How to turn disaster into success
Unlike eleven years ago when I started in this business, web conferencing is quite reliable. But often the internet itself, is not. The good news is that with 700 or so online presentations in the bag, I can tell you assuredly that it’s quite rare to have a problem.
But then there was last week.
I spoke at two conferences last week, and in the middle I did a presentation to an Australia/New Zealand audience…from my hotel room. Wouldn’t you know it, literally 10 minutes into the presentation the hotel’s internet connection went down. And it was down for the rest of the presentation.
There are a lot of different ways to “plan for the unplannable,” but here are the specific things I/we did that turned disaster into success.
Rehearse
Pros rehearse. Amateurs don’t. You might be a “professional” in the business world, but you’re an amateur presenter if you don’t rehearse. In this case, my moderator and I had chatted before hand. I was able to keep going because he pushed my slides. Note that this was possible because the failure wasn’t the conferencing provider or my computer…it was local to me in the hotel.
Print a copy of your slides
I use a lot of slides, and I know my material well, but I still print a copy of my deck in the “nine slides to a page” handout view.
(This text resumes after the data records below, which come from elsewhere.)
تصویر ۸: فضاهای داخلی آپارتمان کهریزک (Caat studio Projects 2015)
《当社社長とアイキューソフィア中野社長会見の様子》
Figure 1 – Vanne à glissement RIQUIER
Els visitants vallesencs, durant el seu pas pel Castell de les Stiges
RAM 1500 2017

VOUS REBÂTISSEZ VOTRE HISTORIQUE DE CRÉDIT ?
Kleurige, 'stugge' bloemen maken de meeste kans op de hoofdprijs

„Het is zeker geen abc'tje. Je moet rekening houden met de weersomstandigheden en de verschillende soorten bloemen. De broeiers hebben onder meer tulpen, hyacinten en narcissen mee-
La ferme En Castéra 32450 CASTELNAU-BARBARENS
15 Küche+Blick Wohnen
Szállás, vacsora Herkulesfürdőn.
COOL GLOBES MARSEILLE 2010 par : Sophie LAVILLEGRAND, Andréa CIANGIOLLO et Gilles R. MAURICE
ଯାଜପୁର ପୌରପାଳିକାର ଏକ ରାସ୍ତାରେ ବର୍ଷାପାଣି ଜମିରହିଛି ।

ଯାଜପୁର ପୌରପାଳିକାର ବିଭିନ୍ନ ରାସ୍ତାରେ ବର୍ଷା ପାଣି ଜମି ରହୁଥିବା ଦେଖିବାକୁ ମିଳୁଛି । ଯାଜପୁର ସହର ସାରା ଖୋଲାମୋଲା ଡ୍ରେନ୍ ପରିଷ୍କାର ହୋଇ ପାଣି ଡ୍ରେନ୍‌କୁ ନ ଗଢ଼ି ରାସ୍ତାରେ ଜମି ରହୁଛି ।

It gives me a chance to look ahead, and since I use very visual slides, I’m not reading them. But a printed copy is like car insurance…not something you plan or want to use, but in the case of disaster, you live or die by your ability to adapt.
Write the login details somewhere at the top of your printed slides
Again, this is experience talking. If you get booted off your web conference, or the audio drops (I had my local phone provider cut me off in the middle of an event once!), you’re not searching for how to get back in. If you’re using an operator-assisted call, give the operator a phone number where they can call you right back. AND, if you’re using VoIP (I was in the hotel room), it goes down with the internet connection. But a minute later I was dialed back into the audio conference and we were back to presenting.
One other note here…I close all extraneous applications, including email. So where’s that phone number if you’re looking for it? In an email or on your Outlook calendar. Spare yourself the headache…the time it takes to reboot email and get the phone number will seem like HOURS when you’re under the gun.
So, was the event a disaster? Not if you look at the post-event survey. Audiences realize that “stuff happens” (oh, BTW, stuff happens in the offline world, too!).
The question is, “Are you prepared?”
Plan for the unplannable.
Mike Henry Sr.
Roger, thanks for the reminders to use a printed copy and to have the conference dial info written down. Great reminders. Mike…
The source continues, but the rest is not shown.